Cada dia que passa isso se agrava mais. Tivemos uma reunião na terça-feira à qual compareceram quase 2 mil moradores. Pautamos dois itens pelos quais iremos lutar.
O primeiro é o processo de descomissionamento da Barragem Casa de Pedra, que até hoje não foi apresentado pela empresa; muito pelo contrário, a empresa quer alteá-la em 11 metros, e há pessoas morando a 200 metros. E a empresa tem processo que já está correndo. Olhem a responsabilidade dela! Que responsabilidade ela tem? Eu não vejo responsabilidade numa situação dessas. Portanto, o primeiro item da pauta é o descomissionamento da Barragem Casa de Pedra, que tem 50 milhões de metros cúbicos de rejeitos. A comunidade também não quer um projeto qualquer, porque sabemos que descomissionar uma barragem não é uma coisa fácil nem rápida. Segundo dados de especialistas, até hoje, no mundo todo, não foi descomissionada nenhuma barragem de 50 milhões de metros cúbicos de rejeitos. Portanto, o projeto pode dar certo, mas também pode dar errado.

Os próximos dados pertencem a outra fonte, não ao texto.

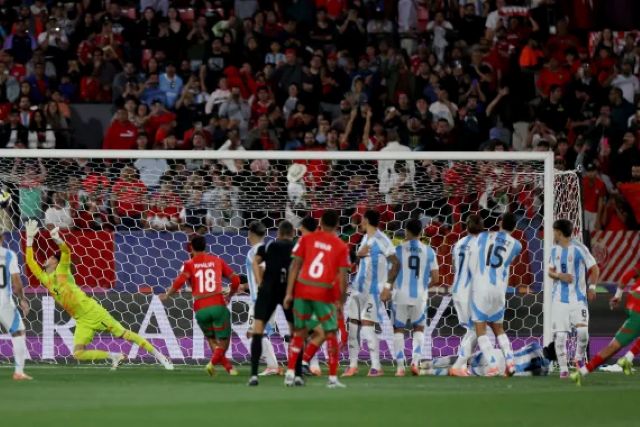 أخرج هدف السبق المغربي لاعبي الأرجنتين من مواقعهم ومارسوا ضغطا رهيبا خاصة عبر اللاعب بريستياني الذي شكل خطورة على الدفاع المغربي، بينما اعتمد لاعبونا على المرتدات التي أثمرت هدفا صنعه معما وترجمه الزابيري في نصف الساعة الأولى من المباراة. رافعا الغلة إلى هدفين. ما دفع بمدرب منتخب الارجنتين إلى تعديل نهجه التكتيكي بالدفع بمهاجم آخر بديلا للاعب وسط، أملا في تقليص الخسارة لاسيما بعد احتكار الأرجنتينيين للكرة دون نجاعة هجومية مقابل استئساد لأشبال الأطلس الذين راهنوا على إنهاء الجولة الأولى بفوز بهدفين لاسيما في ظل اجتياح حقيقي للمنتخب الأرجنتيني المشاكس في الانفاس الاخيرة من الجولة الأولى
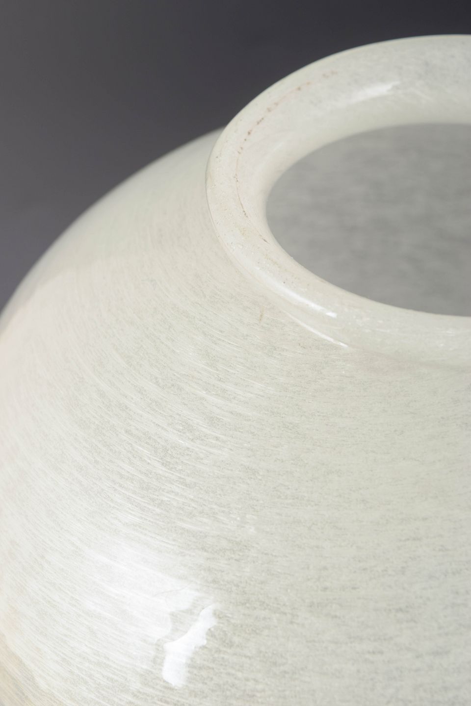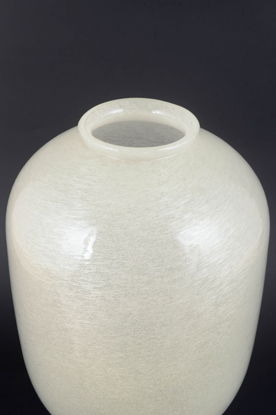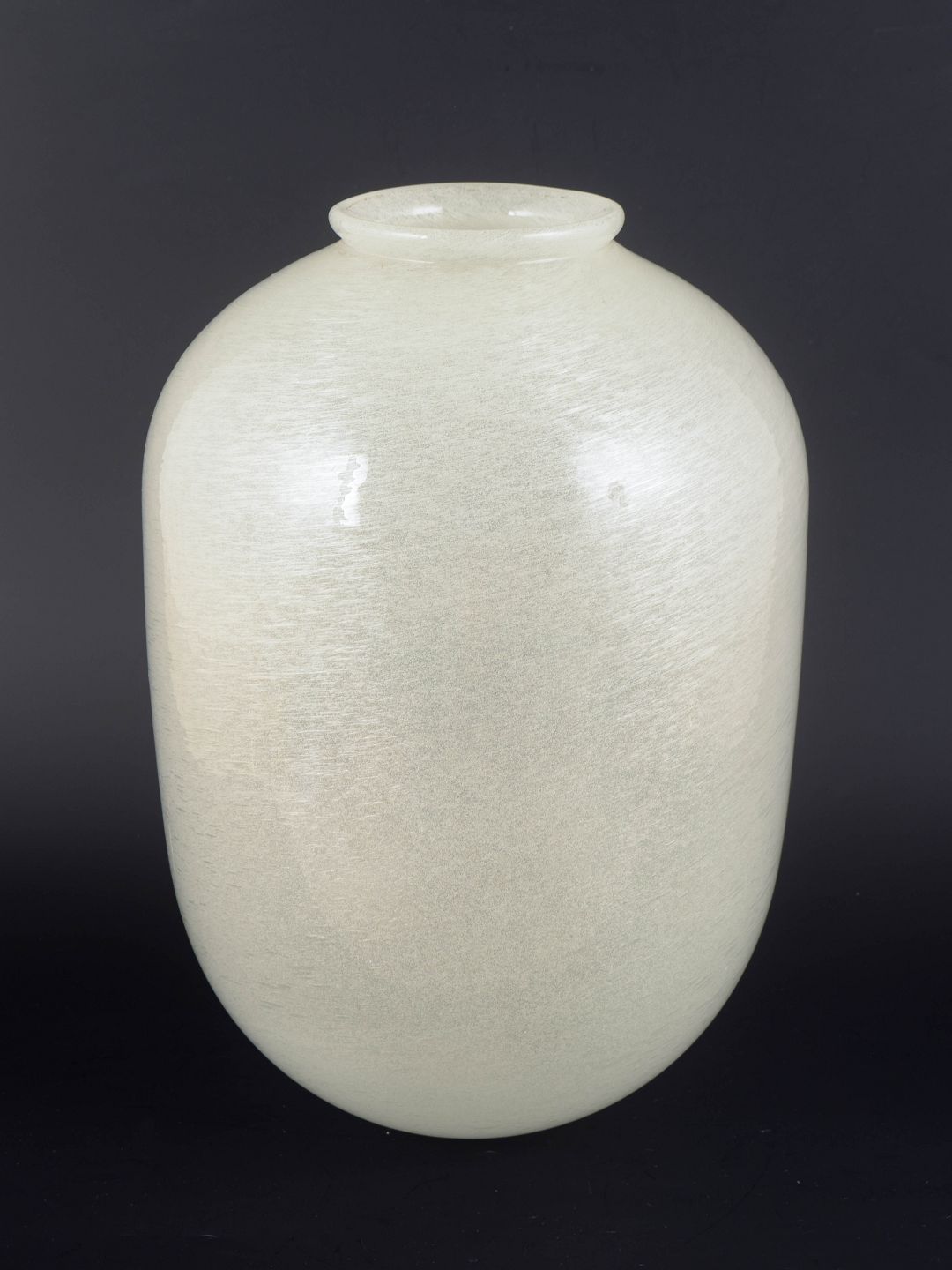 Monumental mundblæst kunstglasvase i matteret, elfenbenshvidt glas med silkeblød, let struktureret overflade og enkel, balusterformet silhuet.

Então, nós não queremos um projeto qualquer; queremos um projeto de descomissionamento que respeite a população e garanta sua segurança.
O segundo item pela qual estamos lutando é que, durante o processo de descomissionamento da barragem, os moradores que moram abaixo dela sejam realocados para outras residências até que ele seja finalizado.
Essas são as duas demandas que definimos nessa reunião. Graças a Deus, a participação foi muito boa. Depois dessa reunião de terça-feira, a população passou a estar conosco, lutando. E estamos aqui para pedir o apoio de vocês, que é muito importante. Nós estamos trabalhando com a prevenção.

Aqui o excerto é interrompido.